→ **What to work on**:
Please return each entry that follows exactly as written, and keep the pictures out.

Records from a data source:
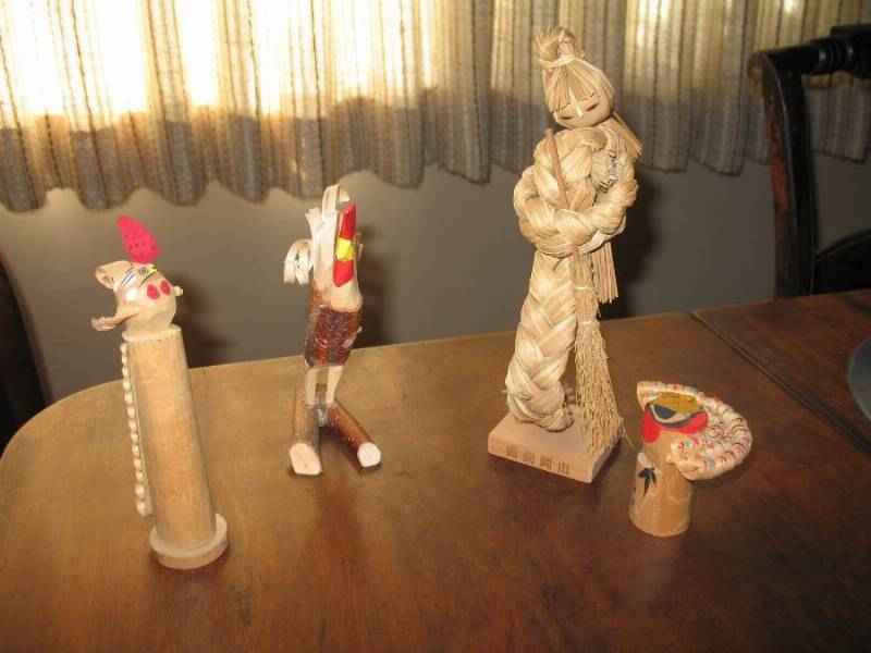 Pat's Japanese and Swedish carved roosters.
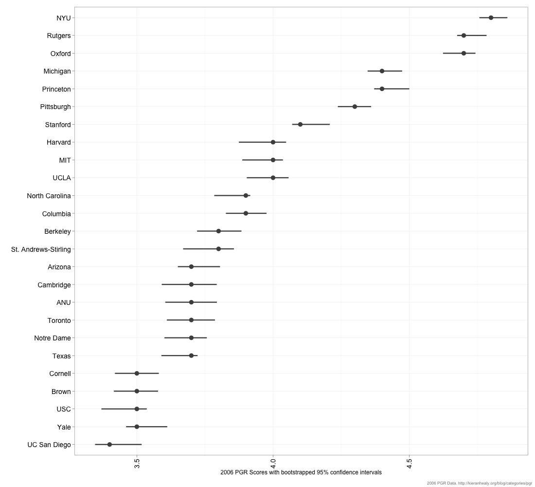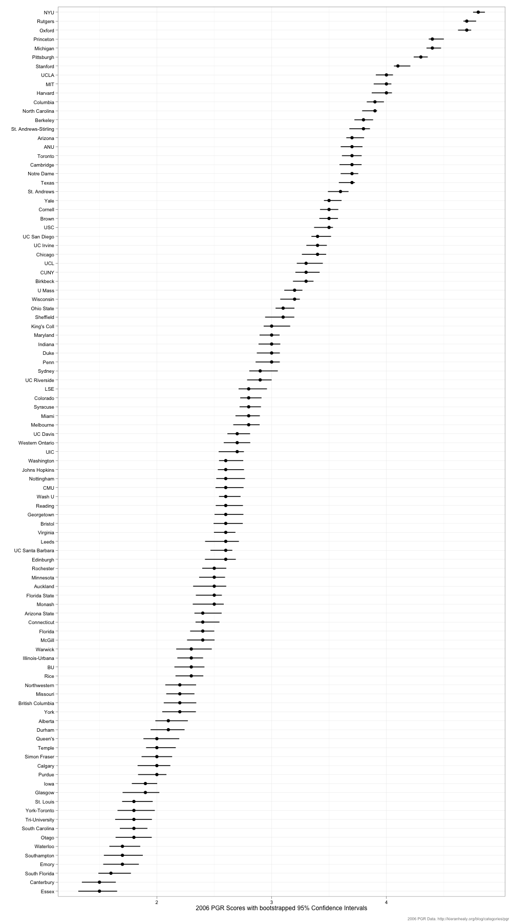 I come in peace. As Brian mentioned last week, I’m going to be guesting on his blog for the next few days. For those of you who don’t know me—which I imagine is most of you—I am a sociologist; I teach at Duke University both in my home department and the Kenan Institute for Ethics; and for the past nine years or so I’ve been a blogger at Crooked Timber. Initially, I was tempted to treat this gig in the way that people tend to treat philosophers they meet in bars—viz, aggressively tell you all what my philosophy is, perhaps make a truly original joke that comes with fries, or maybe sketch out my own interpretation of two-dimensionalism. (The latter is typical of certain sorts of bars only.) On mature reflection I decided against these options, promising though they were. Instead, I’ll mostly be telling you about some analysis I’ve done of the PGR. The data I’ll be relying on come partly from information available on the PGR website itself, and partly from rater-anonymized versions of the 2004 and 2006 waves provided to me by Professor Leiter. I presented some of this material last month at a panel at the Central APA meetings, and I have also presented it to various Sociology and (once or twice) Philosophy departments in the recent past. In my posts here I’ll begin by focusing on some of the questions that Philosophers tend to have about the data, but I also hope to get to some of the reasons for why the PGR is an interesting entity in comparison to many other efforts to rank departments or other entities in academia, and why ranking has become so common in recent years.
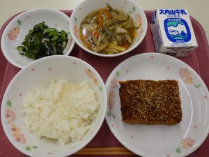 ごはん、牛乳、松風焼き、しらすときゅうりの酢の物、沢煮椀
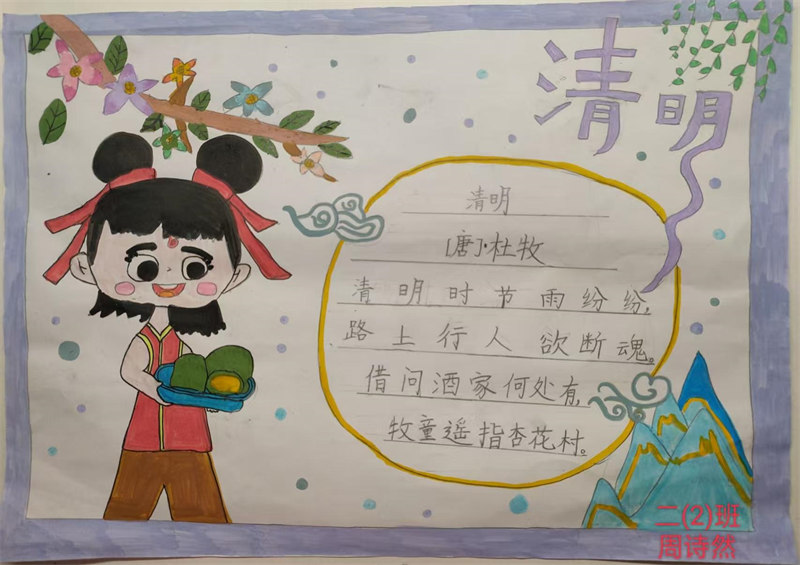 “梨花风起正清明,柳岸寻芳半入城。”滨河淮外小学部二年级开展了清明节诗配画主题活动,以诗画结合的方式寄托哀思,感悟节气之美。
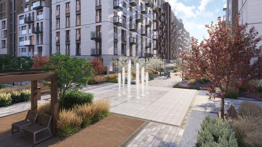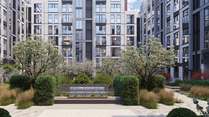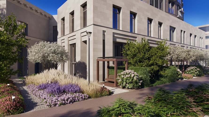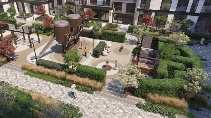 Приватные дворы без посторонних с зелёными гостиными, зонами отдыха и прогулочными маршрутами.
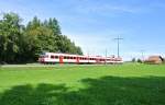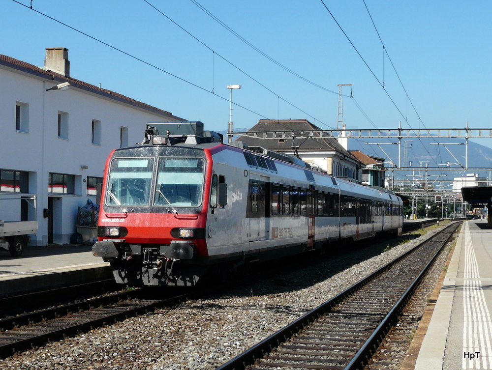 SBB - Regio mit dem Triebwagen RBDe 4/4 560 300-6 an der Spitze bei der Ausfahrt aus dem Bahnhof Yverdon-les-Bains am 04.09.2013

→ **Task response**:
 Pat's Japanese and Swedish carved roosters.
 I come in peace. As Brian mentioned last week, I’m going to be guesting on his blog for the next few days. For those of you who don’t know me—which I imagine is most of you—I am a sociologist; I teach at Duke University both in my home department and the Kenan Institute for Ethics; and for the past nine years or so I’ve been a blogger at Crooked Timber. Initially, I was tempted to treat this gig in the way that people tend to treat philosophers they meet in bars—viz, aggressively tell you all what my philosophy is, perhaps make a truly original joke that comes with fries, or maybe sketch out my own interpretation of two-dimensionalism. (The latter is typical of certain sorts of bars only.) On mature reflection I decided against these options, promising though they were. Instead, I’ll mostly be telling you about some analysis I’ve done of the PGR. The data I’ll be relying on come partly from information available on the PGR website itself, and partly from rater-anonymized versions of the 2004 and 2006 waves provided to me by Professor Leiter. I presented some of this material last month at a panel at the Central APA meetings, and I have also presented it to various Sociology and (once or twice) Philosophy departments in the recent past. In my posts here I’ll begin by focusing on some of the questions that Philosophers tend to have about the data, but I also hope to get to some of the reasons for why the PGR is an interesting entity in comparison to many other efforts to rank departments or other entities in academia, and why ranking has become so common in recent years.
 ごはん、牛乳、松風焼き、しらすときゅうりの酢の物、沢煮椀
 “梨花风起正清明,柳岸寻芳半入城。”滨河淮外小学部二年级开展了清明节诗配画主题活动,以诗画结合的方式寄托哀思,感悟节气之美。
 Приватные дворы без посторонних с зелёными гостиными, зонами отдыха и прогулочными маршрутами.
 SBB - Regio mit dem Triebwagen RBDe 4/4 560 300-6 an der Spitze bei der Ausfahrt aus dem Bahnhof Yverdon-les-Bains am 04.09.2013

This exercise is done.